= TASK DESCRIPTION =
Each line of the listing must be transcribed exactly, except for the images, which should be excluded.

= AVAILABLE DATA =
═══

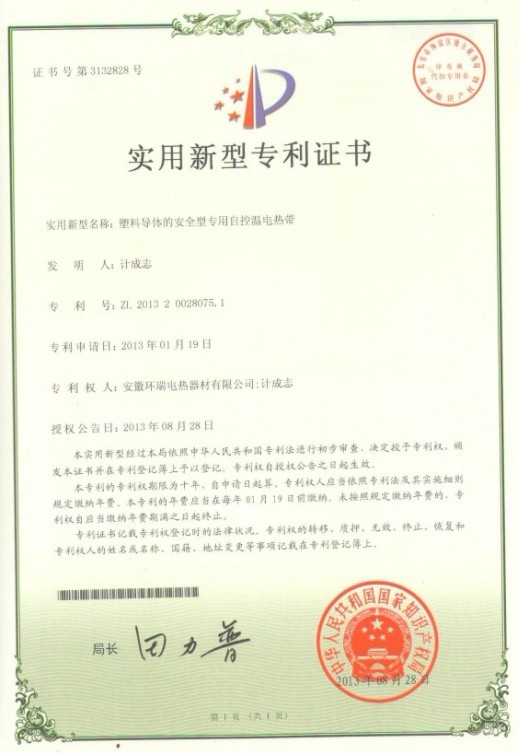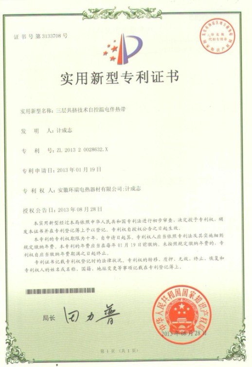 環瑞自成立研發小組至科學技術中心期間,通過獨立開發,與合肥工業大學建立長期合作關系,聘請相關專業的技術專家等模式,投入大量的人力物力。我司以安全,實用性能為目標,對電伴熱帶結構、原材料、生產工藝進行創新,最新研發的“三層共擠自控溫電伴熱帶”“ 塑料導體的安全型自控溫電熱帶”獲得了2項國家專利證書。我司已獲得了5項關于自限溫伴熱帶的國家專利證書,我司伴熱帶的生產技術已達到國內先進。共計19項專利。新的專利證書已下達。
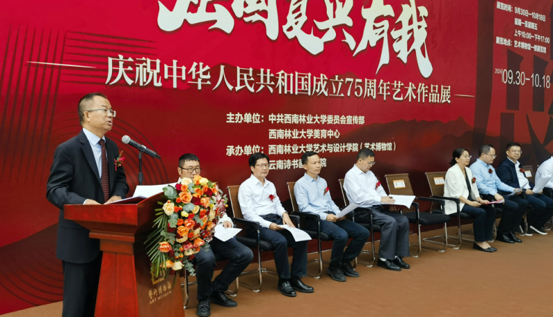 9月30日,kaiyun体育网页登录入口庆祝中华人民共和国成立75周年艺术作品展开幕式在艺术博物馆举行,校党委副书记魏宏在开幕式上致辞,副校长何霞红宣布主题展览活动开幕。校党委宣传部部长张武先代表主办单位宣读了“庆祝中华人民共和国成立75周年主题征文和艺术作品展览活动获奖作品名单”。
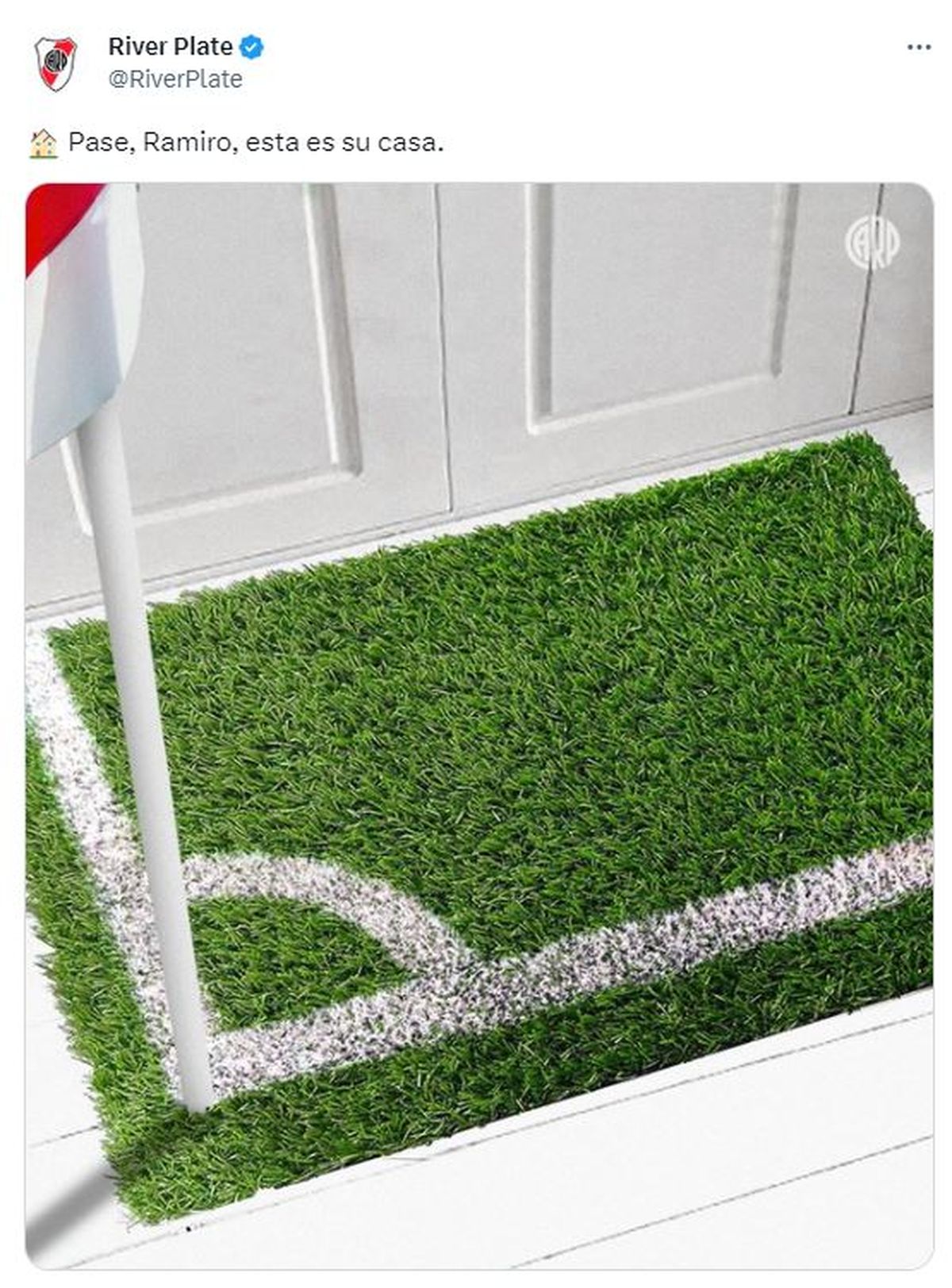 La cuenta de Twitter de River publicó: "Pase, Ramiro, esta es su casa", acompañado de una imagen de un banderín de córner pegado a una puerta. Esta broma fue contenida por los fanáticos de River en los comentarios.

═══

= SOLUTION FOR THIS TASK =
 環瑞自成立研發小組至科學技術中心期間,通過獨立開發,與合肥工業大學建立長期合作關系,聘請相關專業的技術專家等模式,投入大量的人力物力。我司以安全,實用性能為目標,對電伴熱帶結構、原材料、生產工藝進行創新,最新研發的“三層共擠自控溫電伴熱帶”“ 塑料導體的安全型自控溫電熱帶”獲得了2項國家專利證書。我司已獲得了5項關于自限溫伴熱帶的國家專利證書,我司伴熱帶的生產技術已達到國內先進。共計19項專利。新的專利證書已下達。
 9月30日,kaiyun体育网页登录入口庆祝中华人民共和国成立75周年艺术作品展开幕式在艺术博物馆举行,校党委副书记魏宏在开幕式上致辞,副校长何霞红宣布主题展览活动开幕。校党委宣传部部长张武先代表主办单位宣读了“庆祝中华人民共和国成立75周年主题征文和艺术作品展览活动获奖作品名单”。
 La cuenta de Twitter de River publicó: "Pase, Ramiro, esta es su casa", acompañado de una imagen de un banderín de córner pegado a una puerta. Esta broma fue contenida por los fanáticos de River en los comentarios.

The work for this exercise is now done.